We emphasize that, despite our results on the effect of the serial correlation on power, whether, given a particular dug effect or measurement device, more frequent alternations from one intervention to another is practical, unlikely to be influenced by carryover effects, or consistent with the time it takes for an intervention to induce an effect, is an open question. It is also noteworthy that the use of washout periods—when no carryover effects are present—reduces power slightly. This is likely the case because although positive correlations between measures taken during the same intervention period reduce the effective number of observations taken during that period, the positive correlation between observations taken while the patient is on different interventions increases the power to detect a difference. Essentially, the variance of the difference in two variables (e.g., responses to two different interventions) is a function of the sum of the variances associated with each variable (i.e., variance of the response while on a specific intervention) minus the covariance between the two variables. Thus, the stronger the positive covariance (correlation) between the two factors, the smaller the variance of their difference, leading to power increases (see, e.g., the work by Schork and colleagues [11,12].
Figure 1 depicts the differences in average estimated serial correlations based on simulation studies assuming an actual serial correlation of 0.5 between the observations, 3 different designs (1p × 2i = 2 total periods; 4p × 2i = 8 total periods; and 10p × 2i = 20 total periods) assuming the use of no washouts as well as the use of washouts. It is clear from Figure 1 that the serial correlation across the observations used in the analysis (i.e., those made during the administration of either of the 2 interventions) is reduced as more periods are used since there is then a greater number of washout periods. Thus, in the absence of carryover effects, there is an interesting balance between increasing power to detect a difference between two interventions by increasing the effective number of response observations taken while a patient is on a specific intervention (via breaking up the times the patient is on and off that intervention), and decreasing the power to detect a difference by reducing the positive correlation between response observations taken while the patient is on different interventions through the use of washout periods. Additional simulation studies that we pursued were also consistent with this phenomenon (data not shown).
Figure 2 depicts the influence of the effect size on power for different serial correlation strengths. A 4p × 2i design with T = 400 was assumed with no washout periods. Figure 2 clearly shows that effect size has a dramatic influence on power even in the presence of strong serial correlation among the response observations. This suggests for measurements that are collected frequently (e.g., every minute), such that there is likely to be strong serial correlation between them, can be used to detect pronounced effects of an intervention. Table 3 provides the results of simulation studies examining the relationship between effect sizes (again measured as the number of standard deviation units between the means of the measurements associated with each intervention) and the serial correlation between measurements as a function of different period stacking settings and confirms the negative effect on power that strong serial correlation between the observations has.
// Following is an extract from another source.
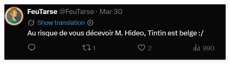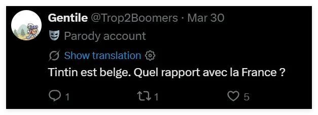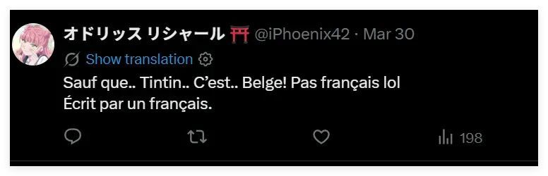 从铃木发布的帖文来看,虽然他的评论区里有法国网民在为他的这番模仿秀叫好,但也有比利时等国的网民强调说,丁丁是比利时人,不是法国人。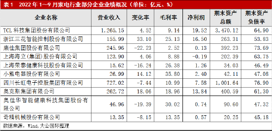 2022年以来,政府逐步细化家电行业发展标准,引领家电消费和生产制造双升级,人民群众对低碳、绿色、智能、个性化家电的需求提升,家电企业前三季度业绩表现分化程度也随之加深,提质扩容成为家电企业的经营分化的焦点,一些品牌较好,产品竞争力较强,市场容量较大的企业无论从收入总量或是从利润空间都表现较好,家电行业需求拉动仍主要依赖于改善升级,业内企业发展主要依赖于提升品质、扩大业绩。经营家用按摩椅品类的企业利润摊薄,也有部分企业呈现出微利的状态;整体看,业绩增长率较去年同期有所下降。从资产规模及资产负债率来看,规模较小的民营企业资产负债率仍维持在较低的水平,规模较大的国有企业资产负债率相对较高,整体看,杠杆率与去年同期相比略有上扬。

7.2. The Influence of Heteroskedasticity (i.e., Unequal Response Variances)

To model the influence of unequal variances associated with response observations made during the administration of the different interventions, we considered two variances, σ A 2 , and σ P 2 , for the observations collected under the administration of, e.g., an active (A) and placebo (P) intervention. We incorporated these variances into the calculation of the covariance matrix in Equation (3) using the blocking strategy discussed by Rochon [16] and discussed in the ‘An Analytical Model For N-of-1 Design’ section. Although many different scenarios were evaluated, Figure 3 depicts some basic results assuming a 4p × 2i design with T = 400 (i.e., 50 observations per intervention) with no washout periods. A variance twice as big for one intervention relative to the other was assumed for these calculations. Power is depicted as a function of effect size calculated as the absolute difference in means divided by the pooled standard deviation of the response observations obtained for the two different intervention periods. It can be seen from Figure 3 that the power to detect an effect is influenced not just by the serial correlation strength and effect size, but also by unequal variances. Thus, for small effect sizes, unequal variances for the two treatments, which could affect the serial correlation between observations in pronounced ways, increases power in the presence of a weak overall serial correlation, but this effect is opposite for large effect sizes and not as pronounced in the presence of a strong serial correlation between the observations.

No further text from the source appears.